-- Information --
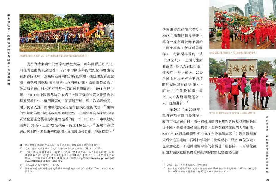 廟會中最吸睛的陣頭,往往蘊含著最深刻的文化密碼。第四章〈唐山過臺灣〉與第五章〈古儺遺風〉,聚焦於蜈蚣陣與宋江陣這兩大代表性陣頭,探討其從閩南原鄉來到臺灣後,如何在新的環境中發生質變。
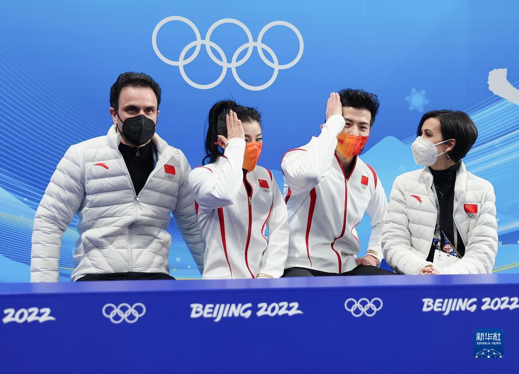 2月12日,中国选手王诗玥(左二)/柳鑫宇(右二)在比赛后等待成绩。
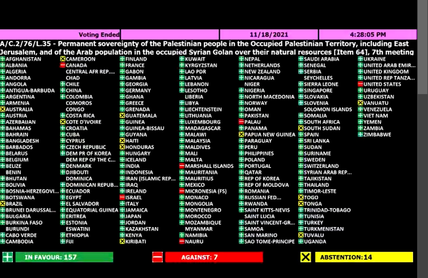 وصوت لصالح القرار 157 صوتا، فيما عارضته 7 دول (أمريكا، إسرائيل، كندا، ونايرو، ميكرونيزيا، جزر مارشال وبالاو)، وامتنعت 14 دولة عن التصويت.
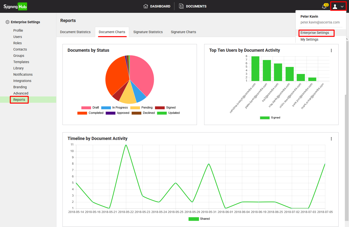 This pie chart delineates the status based counts of documents within your enterprise account, i.e. Draft, In Progress, Pending, Signed, Approved, Updated, Declined, and Completed documents.
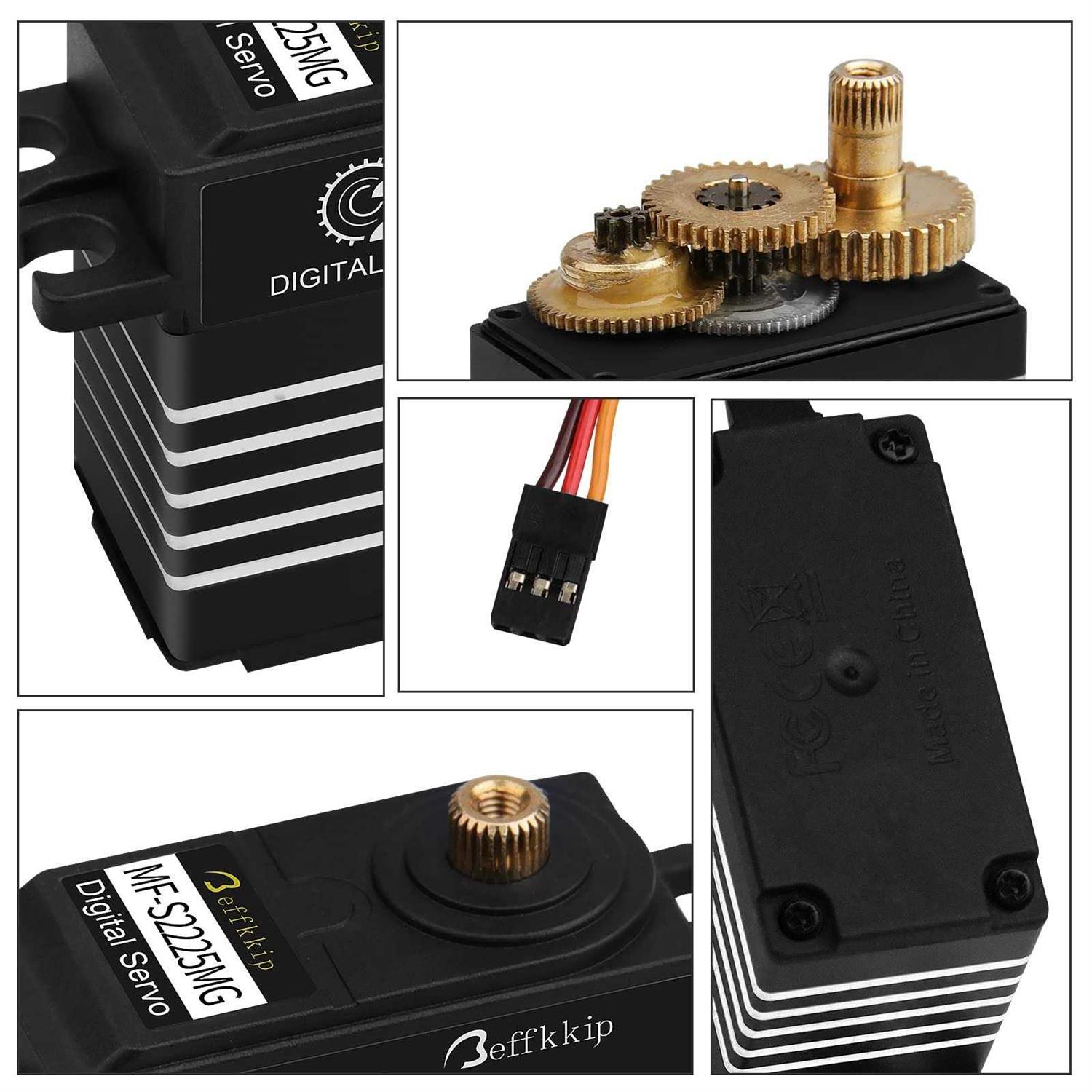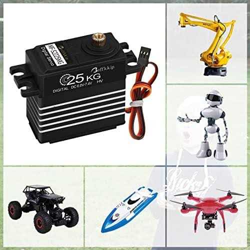 NEW MODEL: DS3225MG 25kg waterproof digital servo. Can be widely used for robots, mechanical arms, climbing cars, remote control boat, remote control aircraf etc. HIGH PERFORMANCE: Equipped with high precision potentiometers and high-resolution digital chip, ensure stable performance, fast response, strong anti-interference ability, low noise, fast heat dissipation. LARGE TORQUE: Maximum torque can up to 25kg.cm (6.8V) HIGH QUALITY: Waterproof rubber seals screws, made of first-grade material ensure the longevity of the products. High-precision metal gear with hard anodizing for better accuracy and longer service life. CNC aluminium middle shell enhances heat dissipation and ensures the servo motor can work well. HIGH ROTATION: 180 degree rotation. Controllable angle range from 0 to 180 degrees, excellent linearity, precision control. Can be rotated within 360 degrees when power off, perfect for robot joint activities.
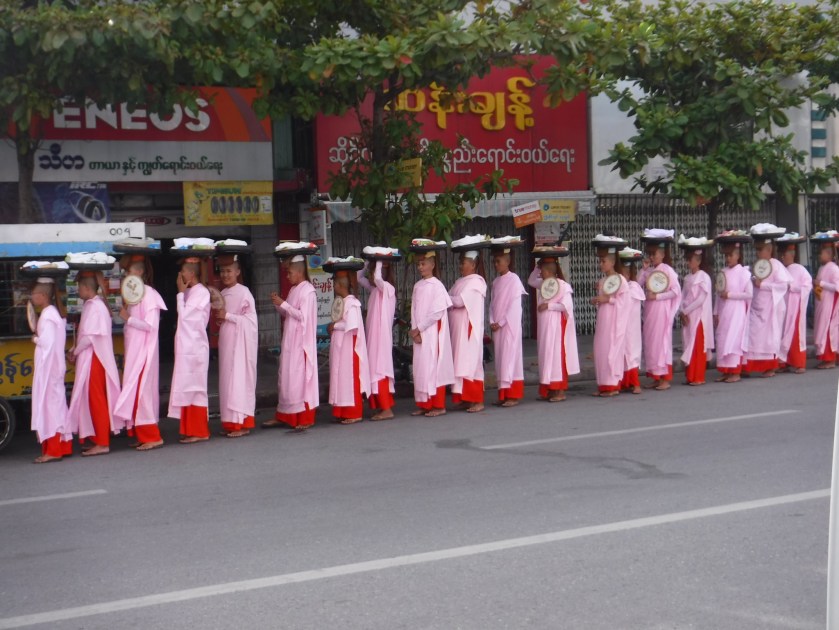 Al costat de la carretera trobem unes monges que surten per demanar almoina, però no poden rebre menjar cuinat. Els ofereixen diners, arròs i tot tipus d’aliments que elles puguin cuinar.  Els convents de monges procuren també un refugi a les joves sense recursos per sobreviure.
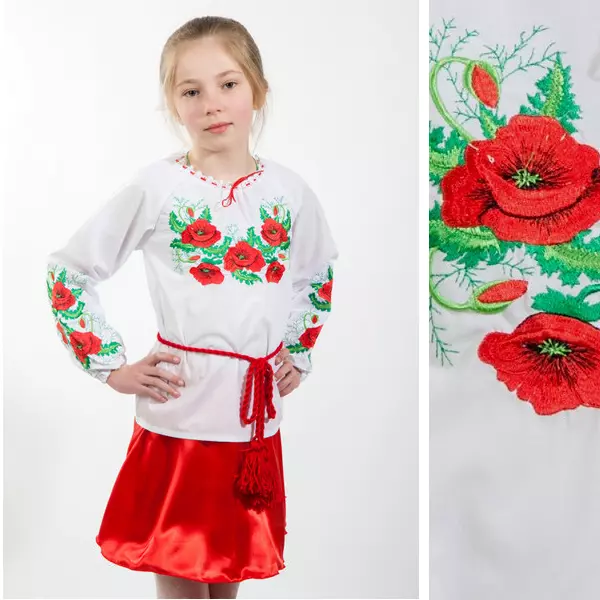 Нарядная вышиванка для девочки с красными маками
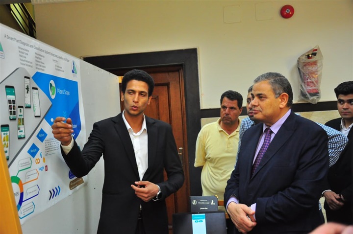 واستمع الدكتور عبدالرازق دسوقي رئيس الجامعة، إلى شرح من طلاب نفذوا منظومة ذكية لتشخيص الأمراض مثل أمراض الصدر والعيون والأمراض الجلدية.
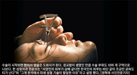 #1. "처음엔 무섭죠. 칼을 든 의사가 보이고, 코의 골막을 갈아내는 소리가 사각사각 들리면 나도 모르게 온몸에 소름이 돋아요." 최근 눈과 코 수술을 받은 대학생 최모(20)씨의 말이다. 그는 "쌍꺼풀과 코 수술은 부분 마취를 하기 때문에 수술하는 게 피부로 느껴졌다"며 "눈 위로 바늘이 왔다갔다 하고 눈가의 지방을 빼는 과정에서 고기 타는 냄새가 날 땐 눈물이 절로 흐르더라"고 수술 당시를 회상했다. 최씨에게 용기를 준 건 먼저 수술한 친구들이었다. "예뻐진 친구들을 보면 망설일 이유가 없다는 생각이 절로 들거든요." 성형 이후 최씨와 친구들은 서로의 고교 시절 사진을 페이스북에서 모두 지우기로 약속했다.
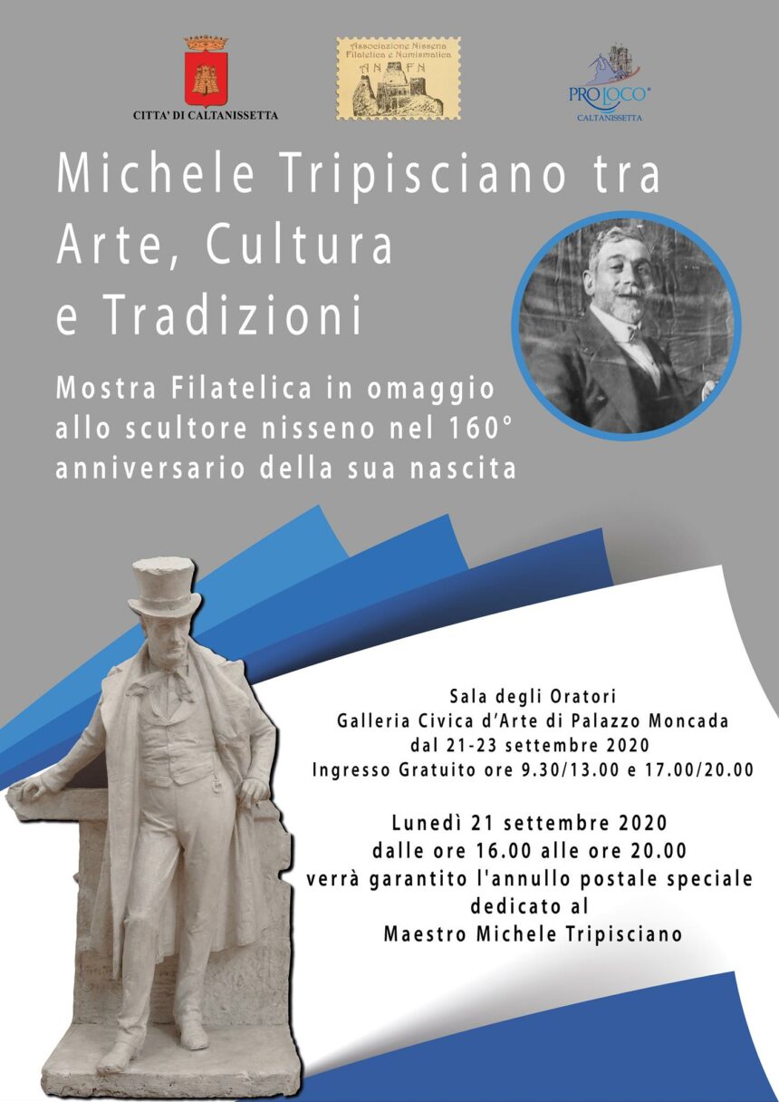 L’Associazione Nissena Filatelica e Numismatica, la Pro Loco di Caltanissetta e il Comune presentano la mostra filatelica in omaggio allo scultore nisseno Michele Tripisciano nel 160° anniversario della sua nascita presso la Galleria Civica d’Arte di Palazzo Moncada dal 21 al 23 settembre 2020. L’inaugurazione avverrà lunedì 21 alle ore 16.30 e per l’occasione Poste Italiane Spa garantirà un annullo postale speciale dedicato allo scultore. Michele Tripisciano nacque a Caltanissetta il 13 Luglio 1860. Grazie al barone Lanzirotti, suo mecenate, andò a studiare a Roma presso l’Ospizio San Michele a Ripa ed in seguito presso lo studio di Francesco Fabi Altini, da cui apprese a modellare figure morbide e flessuose. Sono numerose le sculture del Tripisciano nella capitale, per esempio la Sicilia sull’Altare della Patria, gli Angeli della Basilica di Sant’Andrea della Valle, Paolo e Ortensio presso la Cassazione, il monumento a Gioacchino Belli nell’omonima piazza. Lo scultore morì a Caltanissetta il 21 settembre 1913, donando alla sua città il preziosissimo patrimonio di sculture e bozzetti presenti nel suo studio di Roma, conservati all’interno di Palazzo Moncada. L’ingresso all’interno di Palazzo Moncada sarà garantito nel rispetto della normativa anticovid (ingresso contingentato, mascherina e uso di gel igienizzante). La mostra sarà visitabile nei giorni martedì 22 e mercoledì 23 dalle ore 09.30 alle ore 13.00 (ultimo ingresso ore 12.30) e dalle ore 17.00 alle ore 20.00 (ultimo ingresso ore 19.30).
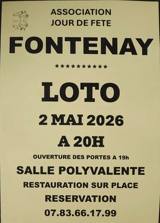 Loto Fontenay-sur-Loing samedi 2 mai 2026.
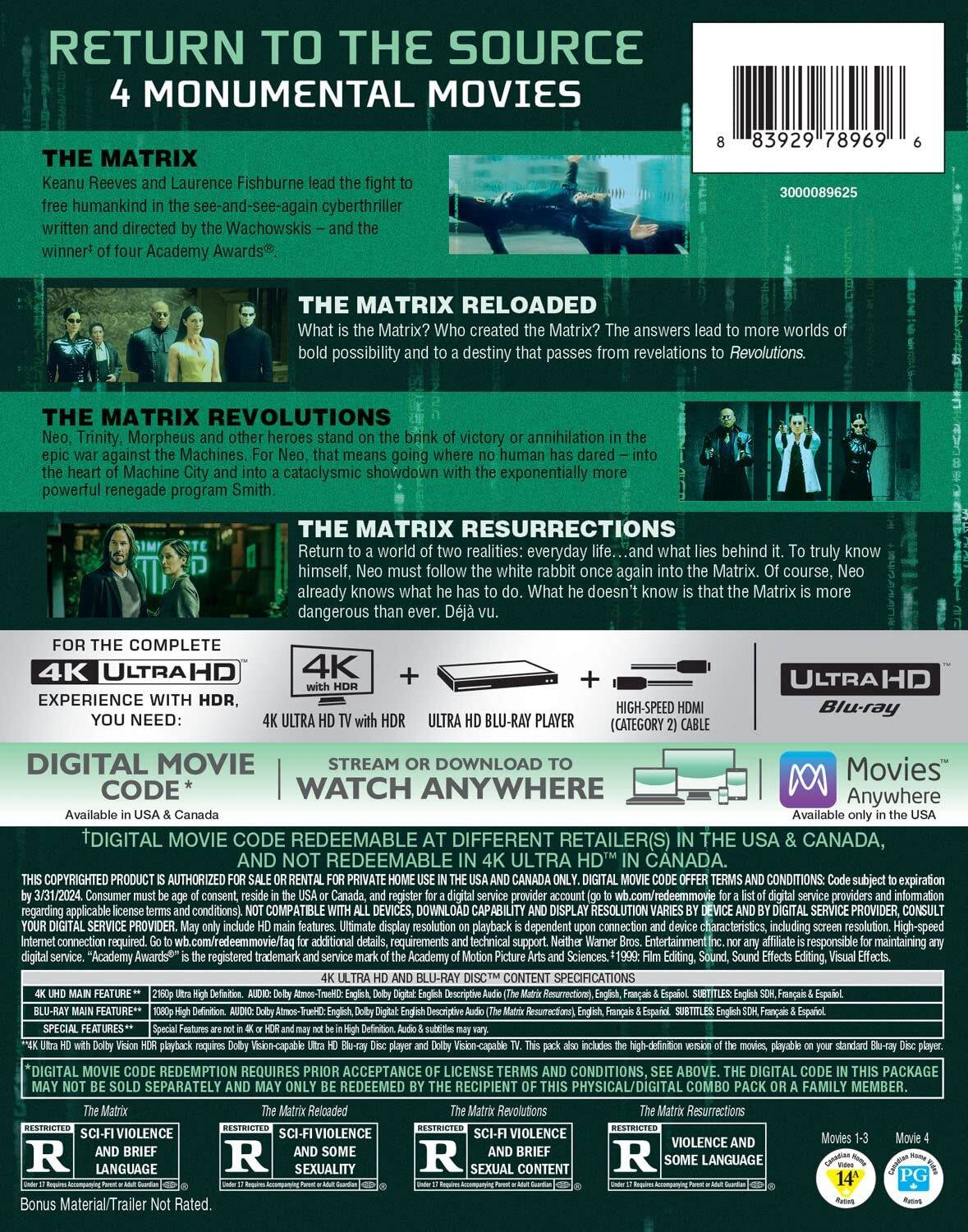 Matrix 4-Film Deja Vu Collection 4K
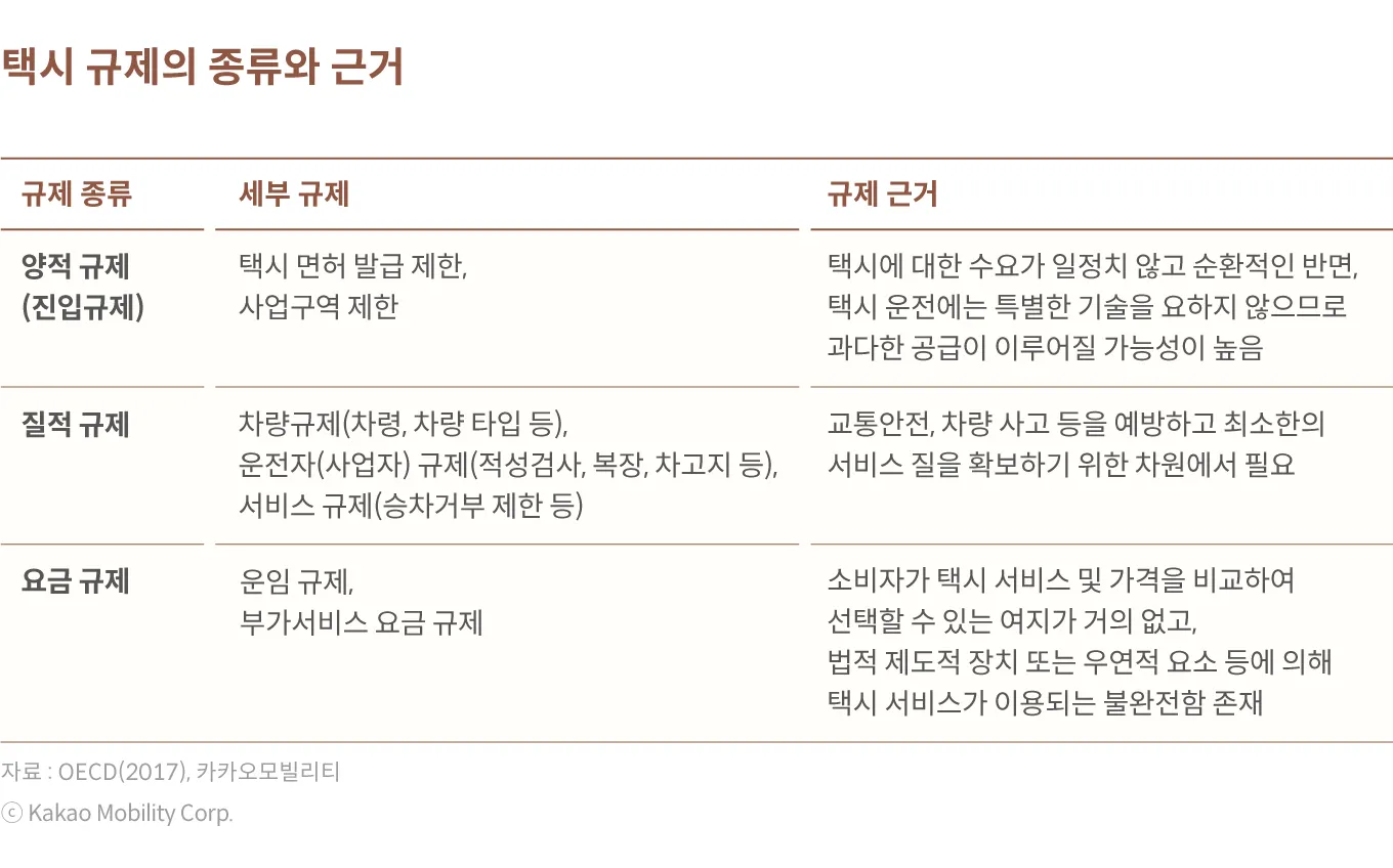 모빌리티 플랫폼은 택시 시장에 선제적으로 자리 잡으면서 택시 시장의 작동 메커니즘을 크게 바꾸었다. 과거에는 택시 시장에 내재한 시장 실패 요인을 보완하기 위해서 요금 규제, 운전자 규제, 차량 규제, 사업자 규제 등 다양한 규제가 불가피하였다. 그러나 모빌리티 플랫폼이 도입된 현재의 택시 시장은 모바일, 플랫폼, 데이터, AI 등 다양한 기술적 혁신에 힘입어 규제가 아닌 방식으로 시장의 문제를 해결할 수 있음을 보여주고 있다.

-- Exercise requirements --
Leave every picture out and retype exactly the lines of the records above from the one holding "Matrix 4-Film Deja Vu Collection 4K" through the last, both ends included and nothing besides.

-- Exercise response --
 Matrix 4-Film Deja Vu Collection 4K
 모빌리티 플랫폼은 택시 시장에 선제적으로 자리 잡으면서 택시 시장의 작동 메커니즘을 크게 바꾸었다. 과거에는 택시 시장에 내재한 시장 실패 요인을 보완하기 위해서 요금 규제, 운전자 규제, 차량 규제, 사업자 규제 등 다양한 규제가 불가피하였다. 그러나 모빌리티 플랫폼이 도입된 현재의 택시 시장은 모바일, 플랫폼, 데이터, AI 등 다양한 기술적 혁신에 힘입어 규제가 아닌 방식으로 시장의 문제를 해결할 수 있음을 보여주고 있다.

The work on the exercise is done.